Buying trains is not like buying a car. You don't go to a showroom, take your pick and would be driving your new car on the road in a couple of weeks if not days (perhaps not in Singapore because of the COE system, but certainly in most other countries). Buying new trains requires preparation of specifications, a tender process, evaluation of offers - both offer cost and technical/technological aspects, delivery, pre-service inspection of delivered products and preparation for service, etc. A appreciable lead time is required.

Petunia Lee said...

I agree with u Gary. The decision to buy those 1st lotta trains was not robust but that is not Khaw's fault. He is trying to fix someone else's mistake... and I think he needs our support and thanks. Not excoriation.

He is a courageous man to take on the Transport portfolio. He does not have to. He has made enough money and is old enough to retire.

On this blog, u will find posts that are highly critical about this new PAP but I think we are all in this together and Khaw needs our support so he can focus on fixing some other stupido's mistakes!

Gary said...

Petunia, we could debate for hours on this but neither of us really wish to nor do we have the time for this. I would be among the first to support any government leader in their responsibility and work to make this a better place. However, it is conditional. It being that they, the leaders, accord us with equal respect, that we are not some dumbo before whom they can willy nilly in words and in actions insult our collective intelligence.

Singapore's MRT trains have been running since 1987. Where is the accumulated decades of corporate memory and experience gone that should have been brought to bear in the acquisition of new trains to replace/replenish ageing 'rolling stocks' or to augment service?

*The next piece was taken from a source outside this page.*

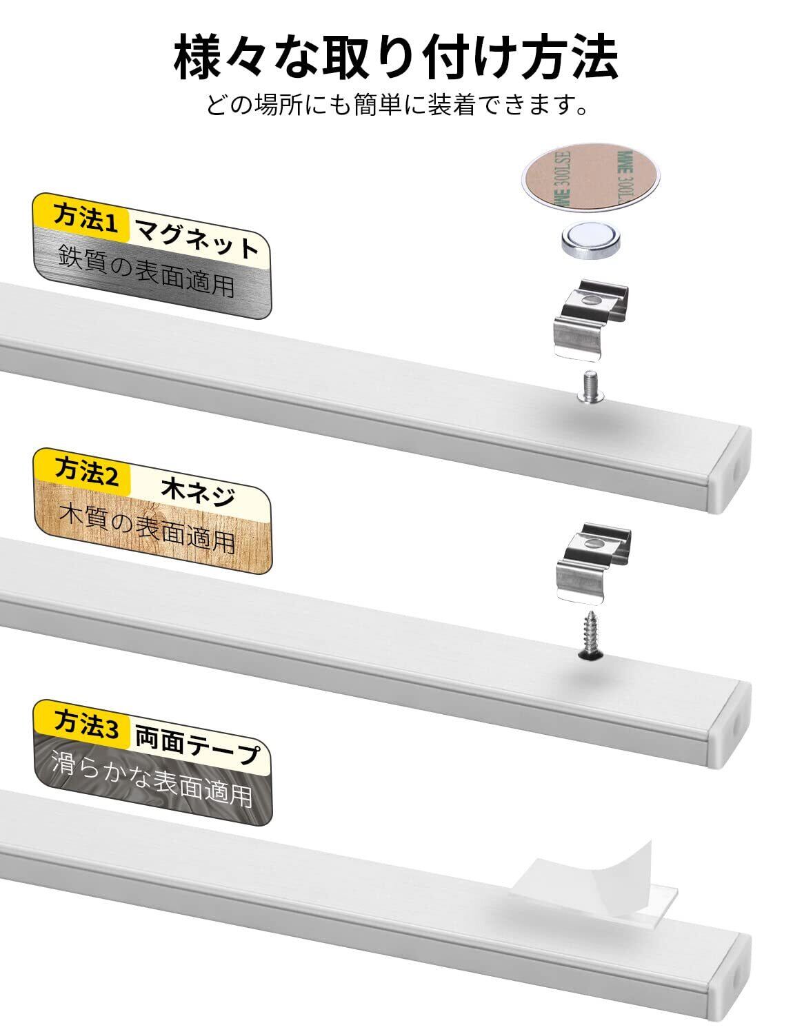 【磁石&両面テープが付き】電気工事が不要で、簡単に取り付けられます。ケーブルクリップも入り、ケーブルの整理に活用できます。キャビネット、ベッド、寝室、地下室、ガレージ、キャビネット、本棚、戸棚、倉庫、部屋照明などいろんな場所でご利用頂けます。

Unfortunately for us when you add up all the recent years failures and stoppages in the system, it is impossible not to conclude that there is bad news for train commuters, for instead of growing from strength to strength, we see very clear symptoms of REGRESSION.

On the part of Khaw he has made his indelible 'notoriety' over the AIM fiasco 'witch hunt'. It is sad and disappointing when we see that elected government leaders are unable to doff their partisan party political hat (Khaw, I believe is still the Chairman of the PAP) and rightfully and dutifully put on their hats as the government leaders to seriously address the people's valid concerns in this case over the purchase of seriously defective MRT trains and how this is going to affect their daily commute to work, school and what not. IMO, the correct action to take is for Khaw to investigate and trace the exact cause of the latest fiasco (I believe he has already done that and knows) and to be aboveboard and forthright enough to inform the public, especially the commuters who depend on the trains to travel for work and pleasure, who have the right to know just what has happened here, what he has found, instead of being so dismissive and non-chalant about it. Government leaders have no duty to protect the guilty parties (you called them stupidos) from public knowledge. Just as you honour those who has perform good and excellent public service on 9 August, so too must the government declare and expose the disservice and poor performers. Strange as it may sound, this is fundamentally how you can win the trust of the people. People are not dumb, they have a god given brain and mental faculties, many are well and even very well educated and/or experienced that it is a fool's errand and childish to want to antagonized. There is a saying that Dr Goh Keng Swee would give any aspirant to be of service to him, as much rope as the person wants to hang himself. By that measure, Khaw should have himself committed seppku (hari kiri).

Briefly, that Khaw has to be shunted around as Lee's chief trouble shooter and mender of broken systems, is an encyclopedic admission that far too many of our government leaders are sub-par, whose 'sworn' loyalty to the party far outweigh their real capabilities to be where they are.